ひと月2万円未満、そうしなければ学費に家賃に光熱費にスマホ代等々、払えるはずなど無いのだ。
『プルンピプルンピ』
『はい、どちらっすか~』
『あたしよあたし』
『あたしあたし詐欺っすね~、そいじゃバイビー』
『ちょ ちょっと夏生だってば!』
『しってるよ』
『わざとかい』
『どうした?』
『聞いた?行方不明の8人』
『え?6人じゃなかったっけ』
『6人の後、男子2人も行方不明だって、いまTVのニュースに出ているよ』
ちなみに花梨の部屋にはTVは無い、タブレットタイプのパソコンとスマホだけ。
テレビを持たない学生は結構多いのではないだろうか。
ちなみに女子3人は既に遺体となって発見されているが、結果的に全員行方不明になるとか。
『マジ?』
タブレットPCのスイッチを入れながら、うどんの残りをレンジに突っ込む。
『マジだ…』
ブラウザを立ち上げると最近はトップページにニュースばかり出て来る。
まあ設定を変えれば消せるのだが、学生 しかも法学部ともなると政治や事件の話は少し耳に入れておく必要がある、法律の話で他の学生とディスカッションするためだ。
『ほんとかよ』
『どうなってんの?皆昔の同級生でしょ』
『ああ悪ダチ つーか、まあ腐れ縁みたいなもん、本当は付き合いたくはねーんだけどな』
先日合コンと称してカラオケ屋に呼び出されたのも、来なければケイちゃんを連れて行くと言われて仕方なく付き合っただけだ。
ケイちゃんとは花梨の友人であり少しいじめられっ子でもあった友人。
高校1年の頃、当時から目立っていた花梨は先輩や同級生の女子からも目を付けられていたのだが。
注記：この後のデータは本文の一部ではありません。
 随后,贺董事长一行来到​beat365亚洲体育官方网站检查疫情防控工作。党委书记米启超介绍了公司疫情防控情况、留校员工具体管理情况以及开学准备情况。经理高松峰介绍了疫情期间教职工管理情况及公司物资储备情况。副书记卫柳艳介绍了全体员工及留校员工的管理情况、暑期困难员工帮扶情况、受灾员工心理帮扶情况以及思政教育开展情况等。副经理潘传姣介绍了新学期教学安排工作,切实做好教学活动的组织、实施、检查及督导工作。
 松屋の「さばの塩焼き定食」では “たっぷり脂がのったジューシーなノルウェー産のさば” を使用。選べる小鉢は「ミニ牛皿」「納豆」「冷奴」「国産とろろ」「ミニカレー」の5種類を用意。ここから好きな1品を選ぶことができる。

その頃はそれほど花梨の口も悪くなかったので、ちょっかいを出されてはいちゃもんを付けて来るぐらいで済んでいた。
要するに口だけだったはずが、そういういじめはだんだんエスカレートして行き、いつの間にか周りの友達まで巻き込まれて行った。
要するに言う事聞かないとお前の友人をターゲットにするぜ、とまで脅してきたのだ。
最初は黙って見ていたのだが、友人が廊下で突き飛ばされ、終いには弱そうな友人数名が倉庫の裏に呼び出され襲われそうになる、それを知ってついに花梨の堪忍袋の緒が切れた。
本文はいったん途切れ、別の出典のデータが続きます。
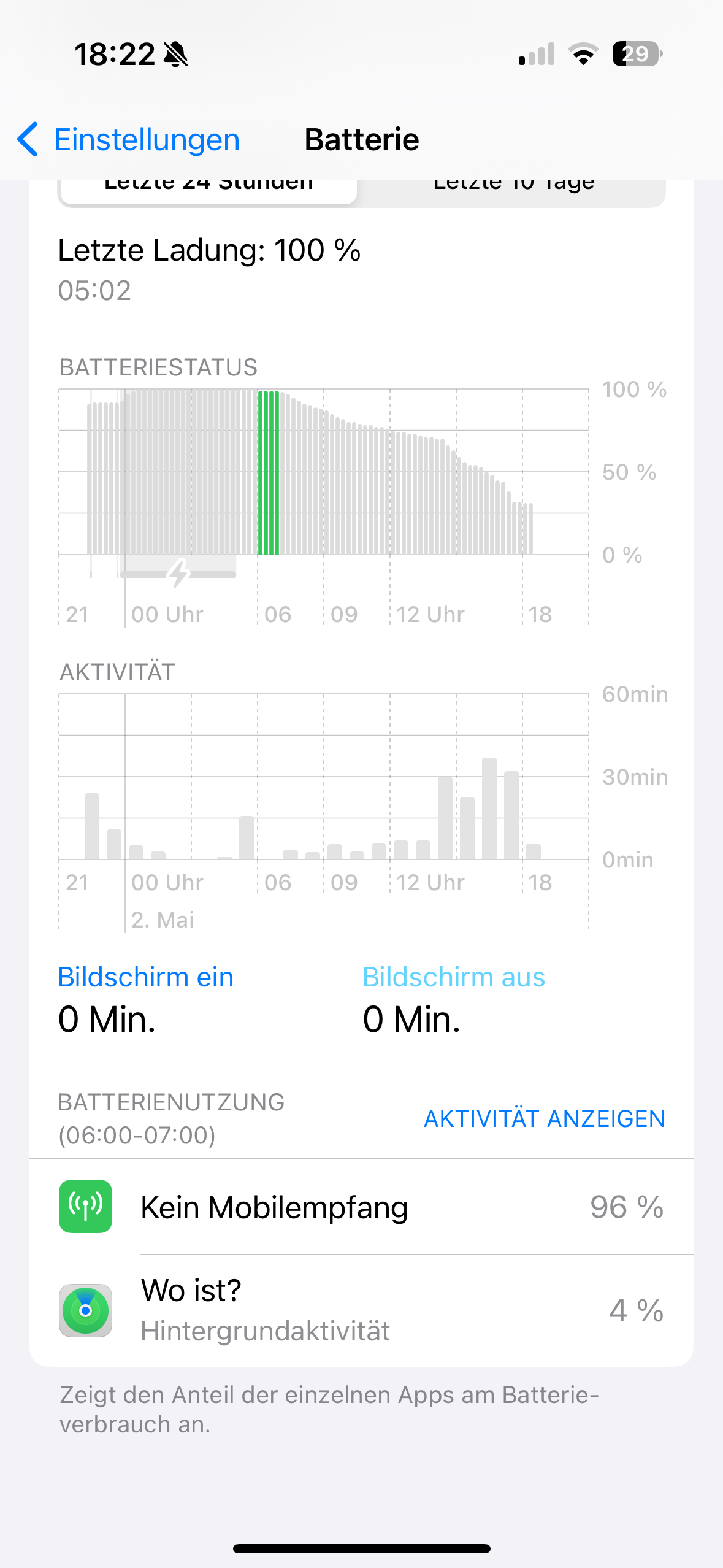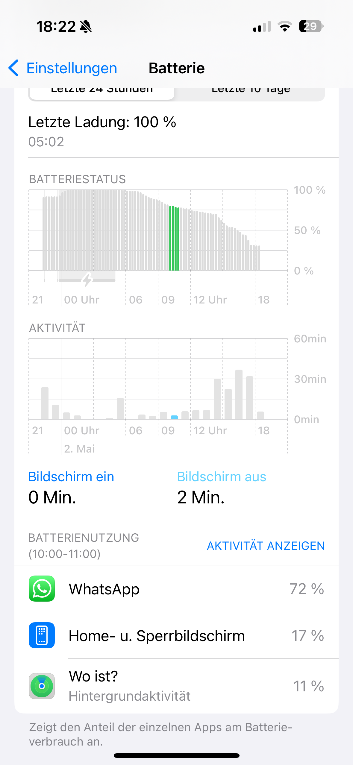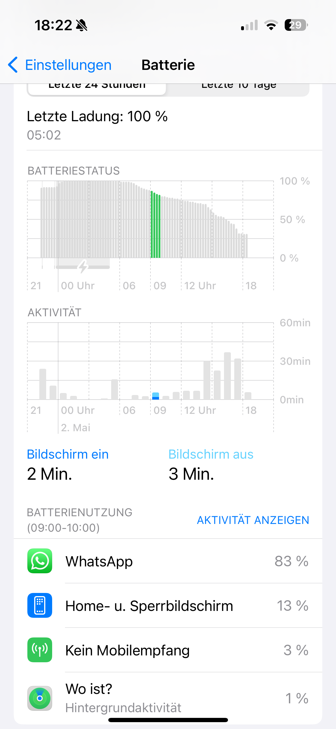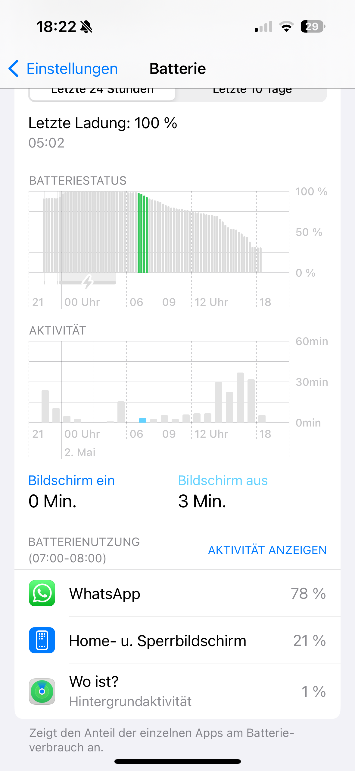 der Akku meines iPhone 15pro hat sich heute bei 5 Minuten Bildschirmzeit um 25% verringert. Nach anschließender Nutzung für 2h und 19 Minuten bin ich bei nur noch 29%.

いじめていた数人、男も含めて制裁してやったのが原因で言葉使いまでヤンキー化するに至った。
いじめが発生すると、いつの間にか花梨は、現場まで出張って行きボコるの繰り返し。
その頃すでに空手は初段になっており、学校の先輩も含め高校生でかなうやつなどいなかった。
だが受験を境におとなしくしなければ内申書にも響いてくる、まあそれは他の生徒も同じなのだが。
ここ数か月はそういう事も無かったので安心していた、それなのに田舎からわざわざ東京に出てきてまでいじめを始めるとは思わなかった。
ちなみにケイちゃんこと、金沢景(かなざわけい)は埼玉の大学に進学している。
物腰の低いほっそりした女の子、身長は2センチほど花梨より高いがその雰囲気や言葉使いが一緒にいると妙に安心するので花梨も目を掛けていた。
ちなみに川上夏生も同じく同級生、花梨とはやはり高校からの友人。
『マジみたいだなこれ…』
『でしょ』
『どうなってんだ?』
『そんなこと私、知らないわよ』
『一応調べてみんよ』
『花梨も気を付けてね』
『大丈夫っしょ』
花梨はこの後すぐに夜食を平らげ、12時前に就寝した。
彼女は夜12時には寝ることにしている、これは健康の為でもあり美容の為でもある。
ある雑誌に書いてあった事を実行しているだけだが、今の所体調に悪いところはない。